Big Bubbles (no troubles)

What sucks, who sucks and you suck

No-Reboot, No Kidding

Seen on Solaris Central: > JNI Ships ‘No-Reboot’ Solaris Driver

This takes me back. The first and last time I had experience with a Solaris driver from JNI, it too was “no-reboot”. As in, the system would no longer boot once the driver was installed.

I took crash dumps. I gathered Explorer outputs. I called Sun and opened a call. My friend and former colleague Clive kindly had the call diverted to him and proceeded to plunge headfirst into the dumps. Coming up for air a short time later, he averred that the problem “seemed” to lie in the JNI driver code because the Solaris kernel execution around it had been fine.

We called JNI in New York with our findings. They said no, it worked on their test system and therefore it was a Solaris issue. Um, we said, are you sure you wouldn’t mind looking at this d… No, it’s a Solaris problem, they insisted. (In the background, there was the low rumble of the client getting antsy, almost drowned out by the shrill screeches of their reseller panicking and wanting me to be on site every day so I could stare at the server as it crashed again. This died down when their account manager managed to get himself banned from the site. Ha. Ha. Haw.)

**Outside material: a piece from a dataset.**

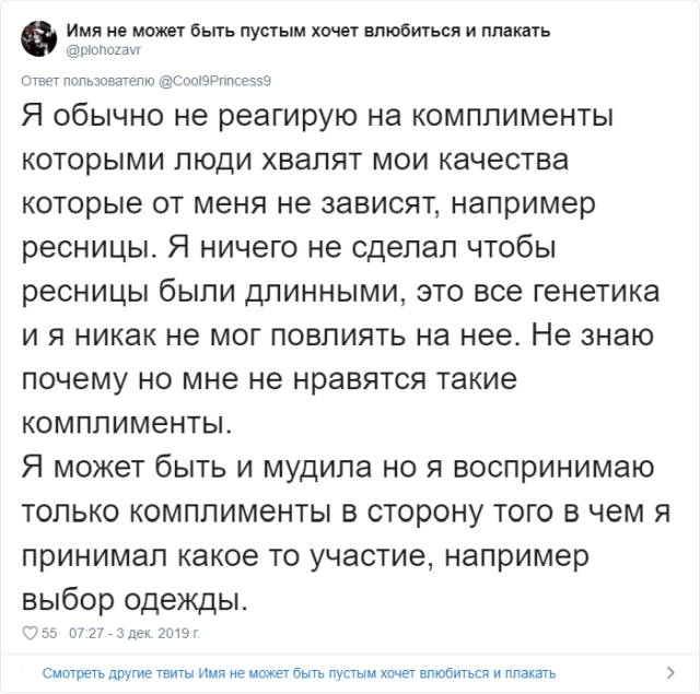 Многие из нас любят получать комплименты. Услышать что-то хорошее в своей адрес - это всегда приятно. Но в действительности, некоторые комплименты звучат крайне сомнительно и могут даже оскорбить человека. Пользовательница Твиттера Джелс создала очень полезный и познавательный тред про комплименты.

A pleasant young lady from Sun got in touch to ask me for my feelings (as a third party Sun consultant, it was a rarity ever to be asked for a view on anything by Sun). She apologised for coming into the call raw, but had been off with back problems. I sympathised and said that this call was giving me pains in the lower back region too. I said that I was about as unsure as everyone else at this point, but that Clive had examined the crash dumps and argued a strong case for the problem lying with the JNI code, complete with relevant extracts from the stack trace. I didn’t understand his argument (not being fluent in kernelese) but at least he had backed up his claim. The JNI guys, on the other hand, felt it was merely sufficient to deny responsibility and point the finger at Solaris. The crash dump? No, it’s a Solaris problem. But the crash happening after their driver initialised? It’s a Solaris problem. (We couldn’t argue with their incisive logic…well, we might have done if they’d stayed on the phone long enough.)

Stasis. I moved on to other clients. A short while later, I heard that JNI had found a problem with their driver when loaded in systems with less than the 2Gb of RAM that their test system had installed.

(Disclaimer: I have no idea what their latest “No-Reboot” driver is or the general quality level of their product line. Who knows, it may just work. My point is that, in a four-way cluster-fuck between a client, a reseller, a systems vendor and a third party supplier, trust no one but if you have to trust anyone, put your money on the guy who shows you what he’s talking about.)